Carbonyl sulfide

Carbonyl sulfide (COS) is naturally produced by oceans (from the photodegradation of dissolved organic sulfur compounds), volcanic activity, biomass burning, wetlands, and plant metabolism, making it the dominant sulfur-containing trace gas in the global atmosphere with a background concentration of about 500 parts per trillion. [1] It is also produced industrially as a byproduct in the Claus sulfur recovery process (used in oil refineries), in the production of sodium viscose rayon (cellulose xanthate process), and in the synthesis of agricultural chemicals including thiocarbamate herbicides. COS was discovered in 1841 by Claude-Louis Berthollet and is structurally analogous to carbon dioxide (replacing one oxygen with sulfur). In the stratosphere, COS serves as a reservoir that slowly oxidizes to sulfate aerosols, contributing to the stratospheric aerosol layer. [2] The hazardous nature of COS was established through industrial incidents and research: the compound is metabolized in the body to carbon disulfide (CS₂) and hydrogen sulfide (H₂S), inheriting the neurotoxic properties of both. CS₂ damages the myelin sheath of peripheral nerves (peripheral neuropathy) and has effects on the central nervous system. The NIOSH REL is 1 ppm and the OSHA PEL is 200 ppm (though this older limit is widely considered inadequate). [3]

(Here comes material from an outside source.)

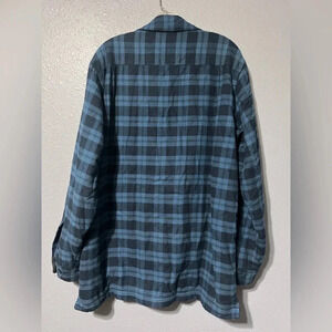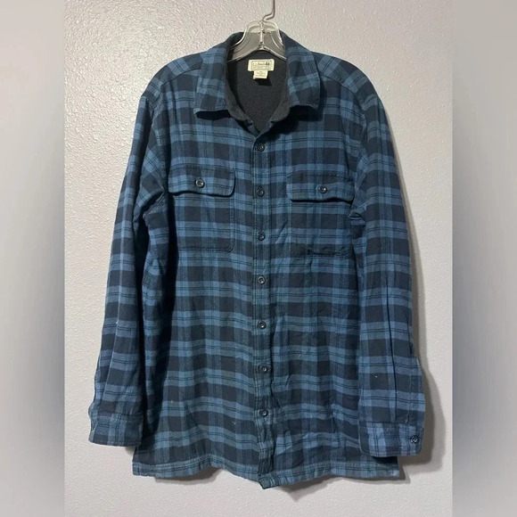 LL Bean Shirt Men's Medium TALL Fleece Lined Shacket Flannel Plaid 252749 Blue.

Petroleum refinery workers, particularly those working around sulfur recovery units and hydrotreating equipment, face occupational inhalation exposure. Rayon manufacturing workers using the viscose process are another significant occupational group. Agricultural chemical workers synthesizing COS-derived thiocarbamates are exposed. The general public has very low background exposures from ambient air that are not considered health-relevant.

COS toxicity mirrors that of carbon disulfide — it causes peripheral neuropathy (damage to the nerves of the extremities, causing numbness and weakness), central nervous system effects (at high acute doses: dizziness, headache, loss of consciousness), and cardiac effects. [3] Chronic low-level occupational exposure to CS₂ (and by extension COS) is associated with coronary heart disease and neuropsychiatric effects in occupational medicine literature. H₂S generated from COS metabolism contributes additional acute toxicity (inhibiting cytochrome c oxidase, similar to cyanide). Hydrogen sulfide has an IDLH of only 50 ppm.

Oil refinery workers in sulfur recovery and hydroprocessing operations, viscose rayon production workers, and agricultural chemical manufacturing workers are most at risk. Emergency responders to COS release incidents face severe acute exposure risk.

1. Refineries must use continuous gas monitoring for H₂S and COS in work areas with potential release; calibrated instruments for both gases are necessary. 2. Work permits and respiratory protection (supplied-air or SCBA) for any entry into potentially COS/H₂S contaminated spaces. 3. Regular neurology assessments (nerve conduction velocity) for workers with chronic COS exposure. 4. Train all workers on the distinctive rotten-egg odor of H₂S and the 'olfactory fatigue' problem — the ability to detect H₂S by smell disappears at concentrations above about 100 ppm, just as toxicity is escalating. 5. COS itself has a threshold smell; do not rely on sensory detection as a safety measure.